Loading ANN kraken-models/clstm/toy/test.clstm  ✗

Trying via Python

import os
from kraken.lib import vgsl

model_path = os.path.join("kraken-models", "clstm", "syriac-monotype", "syriac.clstm")
model = vgsl.TorchVGSLModel.load_model(model_path)

Output:

scikit-learn version 1.2.2 is not supported. Minimum required version: 0.17. Maximum required version: 1.1.2. Disabling scikit-learn conversion API.
Torch version 2.0.1 has not been tested with coremltools. You may run into unexpected errors. Torch 2.0.0 is the most recent version that has been tested.
Traceback (most recent call last):
  File "/xxx/env/lib/python3.8/site-packages/kraken/lib/vgsl.py", line 283, in load_model
    mlmodel = MLModel(path)
  File "/xxx/env/lib/python3.8/site-packages/coremltools/models/model.py", line 340, in __init__
    self.__proxy__, self._spec, self._framework_error = _get_proxy_and_spec(
  File "/xxx/env/lib/python3.8/site-packages/coremltools/models/model.py", line 132, in _get_proxy_and_spec
    specification = _load_spec(filename)
  File "/xxx/env/lib/python3.8/site-packages/coremltools/models/utils.py", line 226, in load_spec
    spec.ParseFromString(f.read())
  File "/xxx/env/lib/python3.8/site-packages/google/protobuf/message.py", line 202, in ParseFromString
    return self.MergeFromString(serialized)
  File "/xxx/env/lib/python3.8/site-packages/google/protobuf/internal/python_message.py", line 1128, in MergeFromString
    if self._InternalParse(serialized, 0, length) != length:
  File "/xxx/env/lib/python3.8/site-packages/google/protobuf/internal/python_message.py", line 1195, in InternalParse
    pos = field_decoder(buffer, new_pos, end, self, field_dict)
  File "/xxx/env/lib/python3.8/site-packages/google/protobuf/internal/decoder.py", line 726, in DecodeField
    if value._InternalParse(buffer, pos, new_pos) != new_pos:
  File "/xxx/env/lib/python3.8/site-packages/google/protobuf/internal/python_message.py", line 1188, in InternalParse
    new_pos = local_SkipField(buffer, old_pos, end, tag_bytes)
  File "/xxx/env/lib/python3.8/site-packages/google/protobuf/internal/decoder.py", line 1025, in SkipField
    return WIRETYPE_TO_SKIPPER[wire_type](buffer, pos, end)
  File "/xxx/env/lib/python3.8/site-packages/google/protobuf/internal/decoder.py", line 899, in _SkipFixed64
    raise _DecodeError('Truncated message.')
google.protobuf.message.DecodeError: Truncated message.
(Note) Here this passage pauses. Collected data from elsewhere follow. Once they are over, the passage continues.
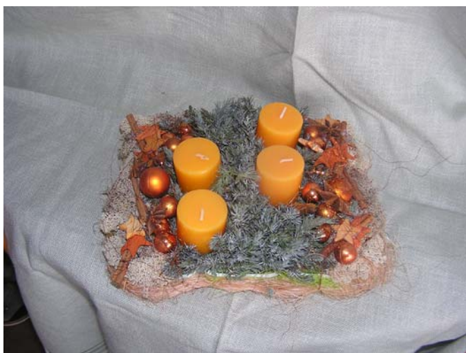
Obrázek č.3 Pletení z proutí, sena a jiných rostlinných materiálů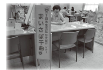
戸倉庁舎内相談窓口

平成 27 年 4 月に施行された生活困窮者自立支援法のもと生活困窮者自立相談支援事業を市から受託し、相談員 2 名を戸倉庁舎に配置しました。失業や就労意欲の欠如などから生活困窮状態になった方への相談・支援を行いました。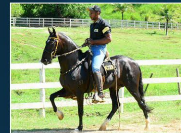
PRENHEZ POR APOLO J.G.O.

Irmã da Jeta do Segredo, irmã do garanhão Ouro Negro do Barulho, irmã do Jack Daniels do Segredo. Simplesmente filha do Hirço do Barulho, que tem em suas veias Estalo do Pantaleão, garanhão ícone que dentre suas atribuições produziu Gavião do Barulho. Pelagem lobuna pampa e sua beleza marcante, andamento marchado, uma pintura de raça e marcha, deixa na reserva do Haras um embrião pronto e vai com prenhez por Apolo J.G.O.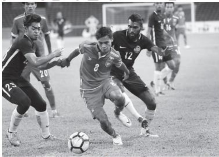
ရန်ကုန်မြို့သို့ ပြန်လည်ရောက်ရှိလာပြီး ယင်းနေ့ညနေပိုင်းမှာပင် သုဝဏ္ဏလှေကျင့်

မြန်မာ ယူ-၂၂ အသင်းသည် မလေးရှားနှင့် ခြေစစ်ပွဲအပြီးတွင် ယမန်နေ့က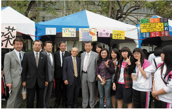
園遊会(文化祭)での様子=新民高級中学

23日(金)には、本学の高大連携校である台中市の新民高級中学の創立記念式典に参列し、招待された多数の来賓の代表と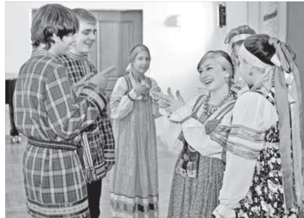
Коллектив знал, что выступление будет удачным

– Они сказали, что нашему ансамблю стоит участвовать в передаче "Минута славы", – говорят девочки. – Это было бы интересно. И, конечно, если в следующем году будет возможность, мы снова поедем на фестиваль-конкурс. Увидеть среди гербов городов-участников герб Норильска на самом видном месте было приятно. Мы сразу поняли, что это хороший знак.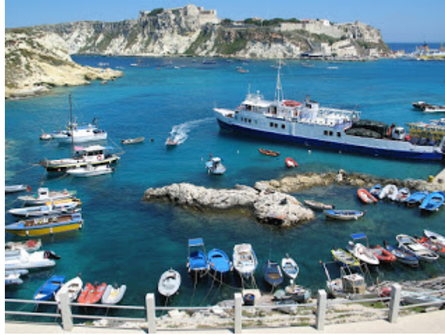
Il porticciolo delle Isole Tremiti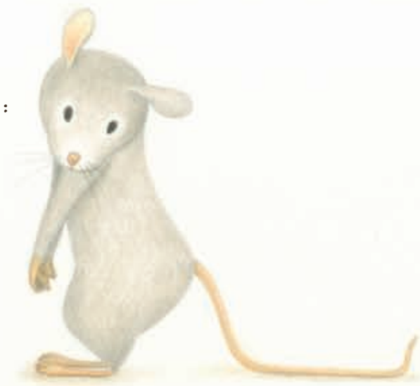
JE HAD DE MUIS MET DE SCHEVE STAART

The above exception was the direct cause of the following exception:

Traceback (most recent call last):
  File "kraken_test.py", line 8, in <module>
    model = vgsl.TorchVGSLModel.load_model(model_path)
  File "/xxx/env/lib/python3.8/site-packages/kraken/lib/vgsl.py", line 287, in load_model
    raise KrakenInvalidModelException('Failure parsing model protobuf: {}'.format(str(e))) from e
kraken.lib.exceptions.KrakenInvalidModelException: Failure parsing model protobuf: Truncated message.
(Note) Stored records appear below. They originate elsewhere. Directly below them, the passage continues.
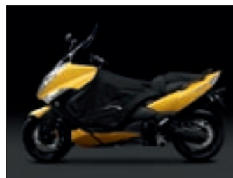
Prekrivač za koljena TMAX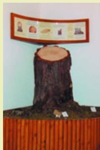
Κορμούς τραχείας πεύκης Calabrian pine's stem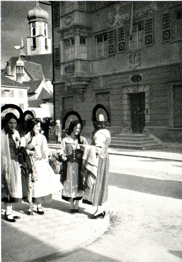
Trachtengruppe von Gossauerinnen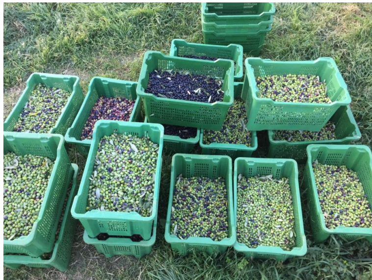
Slika 8. Plastične „gajbe“ za prijevoz ubranih plodova masline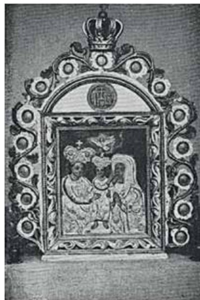
88. Procesijų altorėlis iš Rumšiškių bažnyčios. KAM.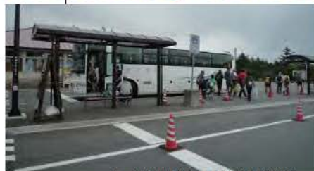
水ヶ塚駐車場(シャトルバス発着所)

18日には、登山道も山頂まで開通し、本格的な夏山登山シーズンを迎え登山者も増えてきました。富士山は日本一高い山、無理のない登山計画で登って頂きたいと思っております。

What can I do to get the model running? I am currently using the latest version of kraken, but I could also switch to another one if necessary.

Best tidoe

mittagessen commented 9 months ago

On 23/10/09 06:51AM, Tillmann Dönicke wrote:

I want to process some Syriac texts using your syriac-monotype model. I receive the following errors:

The CLSTM models have been deprecated a long time ago (and if I remember correctly those Syriac models were only trained on artificial training data anyway) because the library isn't maintained anymore and isn't that flexible. There's one model here [0] that should work although I can't vouch for its quality. Otherwise, I do vaguely remember there being some training data and models somewhere but I need to find the person responsible for those (probably George Kiraz).

[0] https://zenodo.org/record/4699756

mittagessen commented 9 months ago

PS: The model I linked is old enough that there have been some changes in the default network architecture. That doesn't mean it won't work but retraining on the same data with a current kraken version would probably reduce its error quite a bit.

mittagessen commented 9 months ago

I've found the training data (~17k lines) but unfortunately don't have the right to share it. I'll train a new model and upload it to the repository.

tidoe commented 9 months ago

I've found the training data (~17k lines) but unfortunately don't have the right to share it. I'll train a new model and upload it to the repository.

That'd be great! I was just about to ask some follow-up questions regarding the https://zenodo.org/record/4699756 model, but now I'll wait for the new model.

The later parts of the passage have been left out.